Could things be changing?

Earlier this year the Commonwealth Bank and Westpac removed pay secrecy clauses from their employment contracts after a Commonwealth Bank employee was controversially fired, partly due to “discussing confidential remuneration with colleagues”.

A fortnight ago, consulting giant PwC went further, announcing plans to publish its pay bands, allowing workers to see approximately how much their colleagues and bosses are making. The bands are not exact reflections of the firm’s payroll, just approximate benchmarks.

And on Tuesday, consulting rival Accenture Australia followed PwC by publicly disclosing details about its staff pay and equity options, although it provided less detail. The Australian Financial Review reports that Deloitte and KPMG plan to disclose their pay rates in coming months, leaving EY the only “big five” consulting firm keeping its remuneration largely secret.

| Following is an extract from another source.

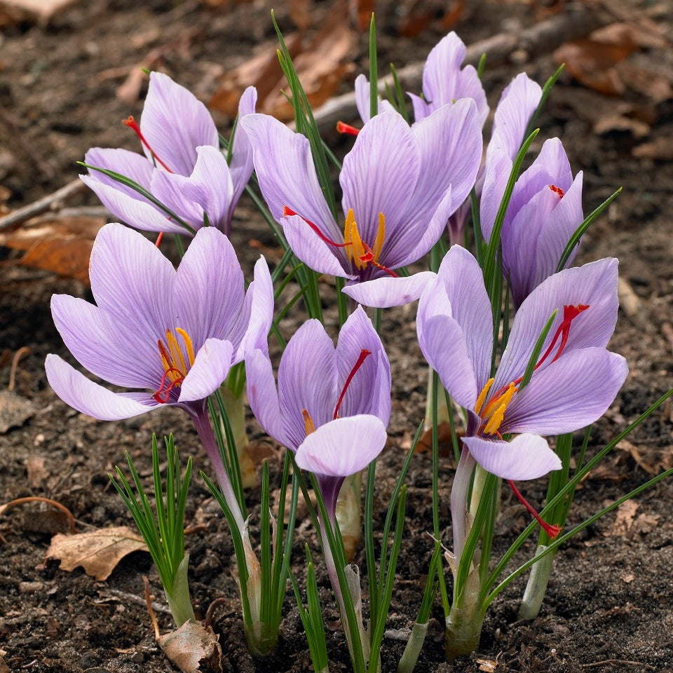Zarte Herbstfarben und eine feine, fast transparente Anmutung kennzeichnen den Safran-Krokus, dessen hellviolette Blüten selbst an trüberen Tagen leuchtend hervorstechen. Zwischen den sanft gekrümmten Blütenblättern ragen die leuchtend roten Narben hervor, die diesen Krokus zu einer botanischen Besonderheit machen. Der kompakte, gleichmäßige Wuchs wirkt harmonisch und fügt sich sowohl in formale Pflanzungen als auch in naturnahe Gestaltung ein, wobei die Pflanze ihre dekorative Wirkung im Spätherbst in besonderem Maße entfaltet. Gerade in dieser Jahreszeit, wenn viele Stauden schon zurückgehen, setzt der Safran-Krokus einen klaren farblichen Akzent.

Such moves in the finance and consulting sectors, which have some of Australia’s highest gender pay gaps, are welcome. But they remain optional, and many firms continue to closely guard their payroll secrets.

We’re still a long way behind

Overseas, however, governments are looking to make transparency mandatory.

From May 15, New York City will require companies to publish minimum and maximum starting pay with all job ads. Vague lines about the salary being “commensurate with experience” (read: we’ll see just how low we can lowball you) will be a thing of the past.

Business associations are desperately trying to have the bill repealed, suggesting it will prevent them from discreetly offering candidates from marginalised groups higher salaries to meet diversity targets. It’s an astonishing argument, given opaque pay scales more plausibly facilitate discrimination.

In March, California’s Senate began considering a bill that would require employers to disclose their average hourly rate for each job category and for key demographics, including race and gender. And US companies that have government contracts are already prohibited from retaliating against workers who discuss their pay under an Obama administration executive order.

The EU is considering a similar directive. It would also ban recruiter questions about pay history and “expectation”, Pennington says, and “reproduce intra-firm gender pay gaps”. The proposal is partly inspired by Iceland’s world-leading system introduced in 2018, which bans non-disclosure clauses, makes pay scales transparent, and requires firms to prove they impose no gender disparities for equal work — or else they incur a daily fine.

Albanese could follow suit

If Labor wins the election, Australians could find it easier to discuss their pay with colleagues. Last year Labor leader Anthony Albanese promised to prohibit pay secrecy clauses if he becomes prime minister. The Greens introduced a bill to do so in 2016.

Conversely, Industrial Relations Minister Michaelia Cash’s office has said that “the inclusion of pay secrecy clauses in employment contracts is a matter for the contracting parties”, adding that scrapping them could “undermine the ability of organisations to manage workplace performance”.

In a campaign replete with vague and unconvincing proclamations about lifting stagnant wages, pay transparency laws represent a real point of difference between the parties.

Would it work?

Studies consistently show pay transparency reduces the gender pay gap by as much as 50%. Bosses stop undervaluing their female staff and giving back-slapping bonuses to the blokes when they know they’re being scrutinised. There is also evidence that it reduces overall inequality between workers.

But it doesn’t always increase overall wages. Sometimes it does, with angry employees successfully negotiating to receive the same as their higher-paid colleagues. But sometimes bosses even things up by merely reducing bonuses to high-flying employees, typically men.

To increase both equity and overall wages, research shows transparency measures must be coupled with collective bargaining through unions. A tight labour market also helps.

So Labor’s proposal would be likely to benefit women and create a more equal economy, but until the party gets serious about reforming the Fair Work Act to allow multi-employer bargaining — which it hosed down late last year — overall wages are likely to remain low compared with company profits.

Until we see political leadership, change must start small.